■ DESCRIPTION OF THE TASK ■
An acceptable answer contains every record below, unchanged, and no pictures.
[[ RECORDS PROVIDED open ]]
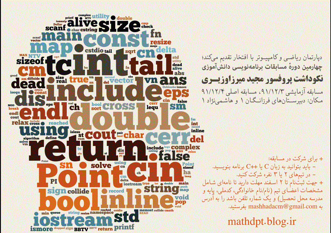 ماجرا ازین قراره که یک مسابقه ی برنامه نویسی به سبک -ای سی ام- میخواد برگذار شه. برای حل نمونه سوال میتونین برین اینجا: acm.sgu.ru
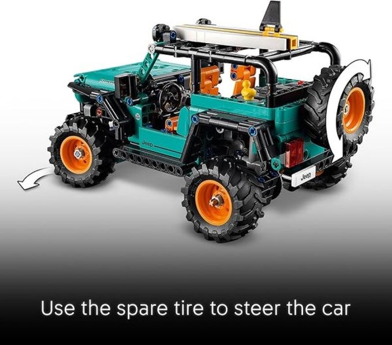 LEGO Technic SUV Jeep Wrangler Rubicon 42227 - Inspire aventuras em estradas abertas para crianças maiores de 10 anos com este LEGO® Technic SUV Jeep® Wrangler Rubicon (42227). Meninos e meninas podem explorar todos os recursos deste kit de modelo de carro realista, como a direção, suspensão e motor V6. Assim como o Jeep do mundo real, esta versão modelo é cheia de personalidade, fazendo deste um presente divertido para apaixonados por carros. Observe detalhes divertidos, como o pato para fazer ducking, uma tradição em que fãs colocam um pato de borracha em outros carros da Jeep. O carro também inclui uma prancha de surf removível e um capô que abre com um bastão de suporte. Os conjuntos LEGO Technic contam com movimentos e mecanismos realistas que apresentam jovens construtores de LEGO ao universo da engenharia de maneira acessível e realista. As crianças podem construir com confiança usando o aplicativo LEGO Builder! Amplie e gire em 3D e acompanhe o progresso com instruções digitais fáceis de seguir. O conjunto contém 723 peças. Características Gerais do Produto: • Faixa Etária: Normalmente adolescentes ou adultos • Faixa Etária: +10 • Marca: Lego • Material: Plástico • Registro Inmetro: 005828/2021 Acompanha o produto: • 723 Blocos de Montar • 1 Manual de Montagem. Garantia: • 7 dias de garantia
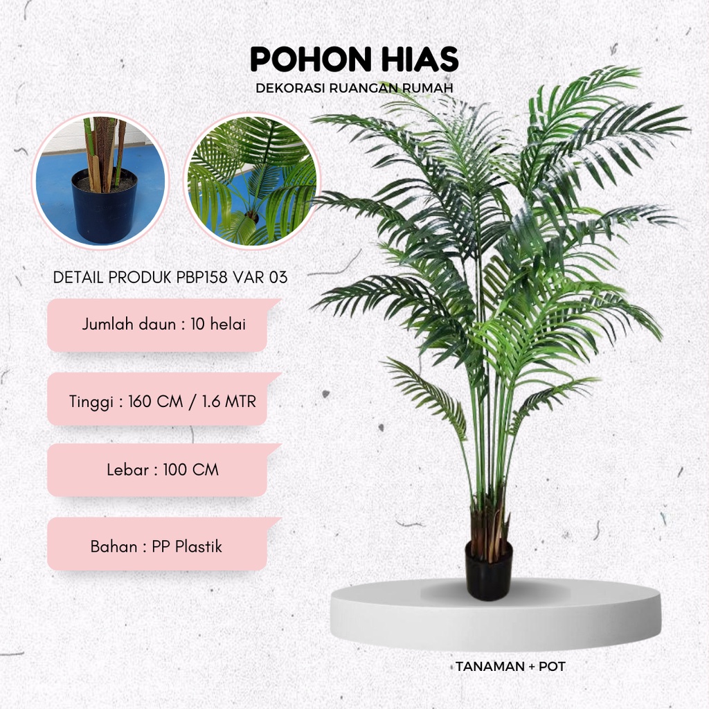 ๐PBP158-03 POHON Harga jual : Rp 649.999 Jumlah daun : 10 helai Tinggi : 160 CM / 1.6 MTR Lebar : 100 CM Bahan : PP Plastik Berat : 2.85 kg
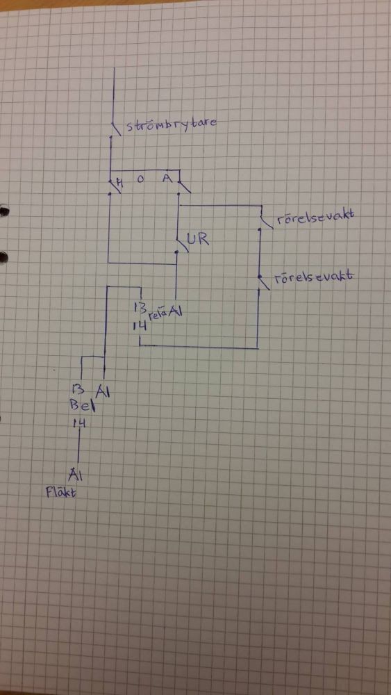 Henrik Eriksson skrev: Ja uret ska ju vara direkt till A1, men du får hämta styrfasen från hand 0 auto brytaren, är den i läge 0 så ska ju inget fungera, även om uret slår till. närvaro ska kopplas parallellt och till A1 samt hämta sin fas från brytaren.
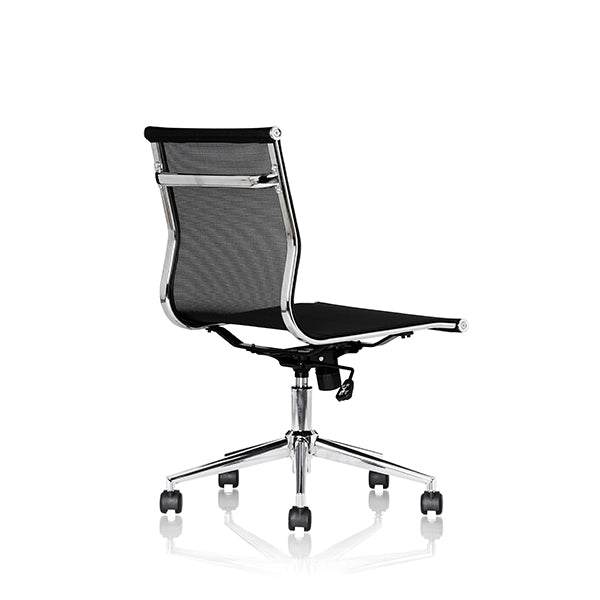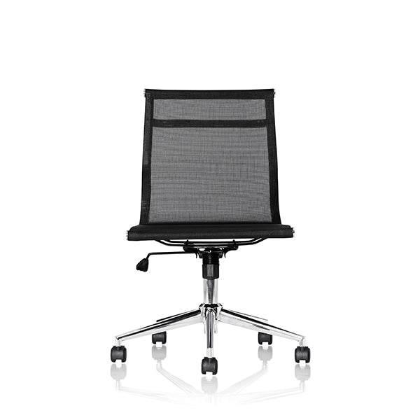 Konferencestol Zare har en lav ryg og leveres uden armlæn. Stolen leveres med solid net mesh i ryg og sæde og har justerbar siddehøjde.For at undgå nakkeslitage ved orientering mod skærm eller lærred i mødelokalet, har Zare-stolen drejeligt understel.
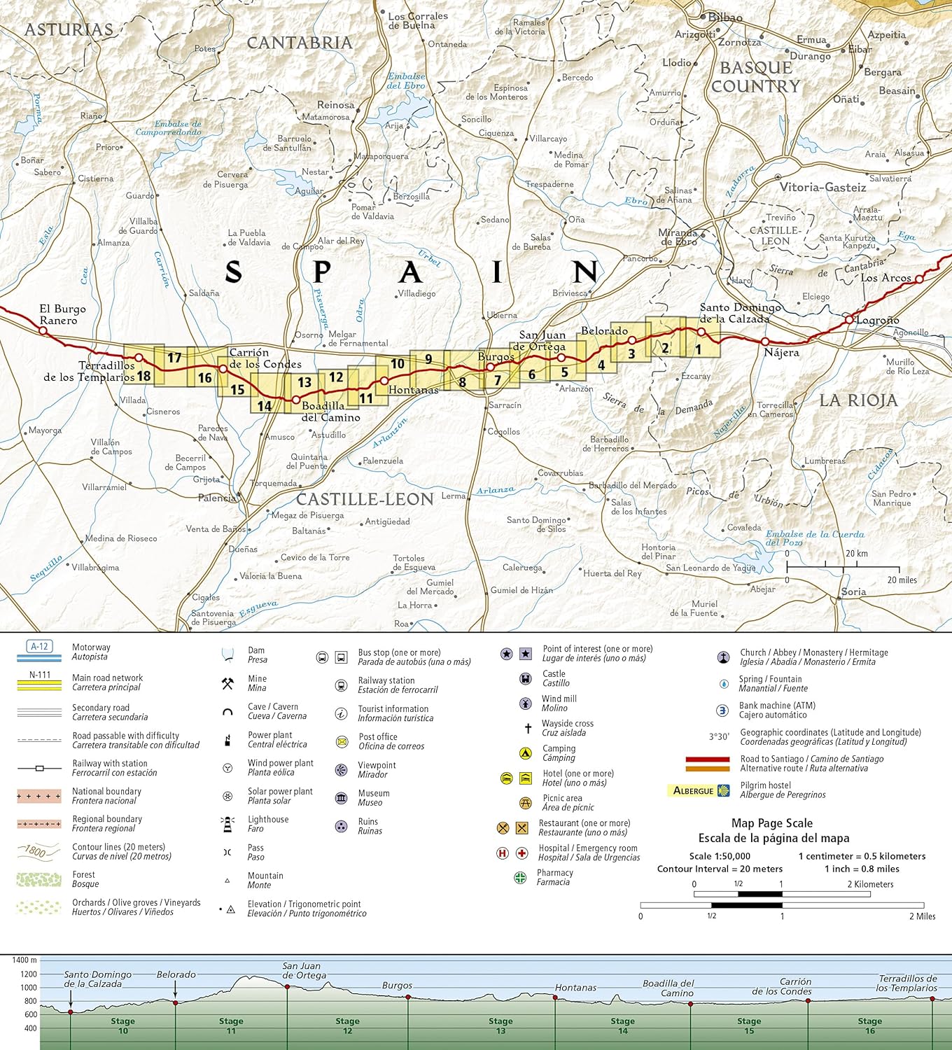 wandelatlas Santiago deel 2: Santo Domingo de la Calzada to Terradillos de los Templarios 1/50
[[ RECORDS PROVIDED closed ]]
■ ANSWER TO THIS PROBLEM ■
 ماجرا ازین قراره که یک مسابقه ی برنامه نویسی به سبک -ای سی ام- میخواد برگذار شه. برای حل نمونه سوال میتونین برین اینجا: acm.sgu.ru
 LEGO Technic SUV Jeep Wrangler Rubicon 42227 - Inspire aventuras em estradas abertas para crianças maiores de 10 anos com este LEGO® Technic SUV Jeep® Wrangler Rubicon (42227). Meninos e meninas podem explorar todos os recursos deste kit de modelo de carro realista, como a direção, suspensão e motor V6. Assim como o Jeep do mundo real, esta versão modelo é cheia de personalidade, fazendo deste um presente divertido para apaixonados por carros. Observe detalhes divertidos, como o pato para fazer ducking, uma tradição em que fãs colocam um pato de borracha em outros carros da Jeep. O carro também inclui uma prancha de surf removível e um capô que abre com um bastão de suporte. Os conjuntos LEGO Technic contam com movimentos e mecanismos realistas que apresentam jovens construtores de LEGO ao universo da engenharia de maneira acessível e realista. As crianças podem construir com confiança usando o aplicativo LEGO Builder! Amplie e gire em 3D e acompanhe o progresso com instruções digitais fáceis de seguir. O conjunto contém 723 peças. Características Gerais do Produto: • Faixa Etária: Normalmente adolescentes ou adultos • Faixa Etária: +10 • Marca: Lego • Material: Plástico • Registro Inmetro: 005828/2021 Acompanha o produto: • 723 Blocos de Montar • 1 Manual de Montagem. Garantia: • 7 dias de garantia
 ๐PBP158-03 POHON Harga jual : Rp 649.999 Jumlah daun : 10 helai Tinggi : 160 CM / 1.6 MTR Lebar : 100 CM Bahan : PP Plastik Berat : 2.85 kg
 Henrik Eriksson skrev: Ja uret ska ju vara direkt till A1, men du får hämta styrfasen från hand 0 auto brytaren, är den i läge 0 så ska ju inget fungera, även om uret slår till. närvaro ska kopplas parallellt och till A1 samt hämta sin fas från brytaren.
 Konferencestol Zare har en lav ryg og leveres uden armlæn. Stolen leveres med solid net mesh i ryg og sæde og har justerbar siddehøjde.For at undgå nakkeslitage ved orientering mod skærm eller lærred i mødelokalet, har Zare-stolen drejeligt understel.
 wandelatlas Santiago deel 2: Santo Domingo de la Calzada to Terradillos de los Templarios 1/50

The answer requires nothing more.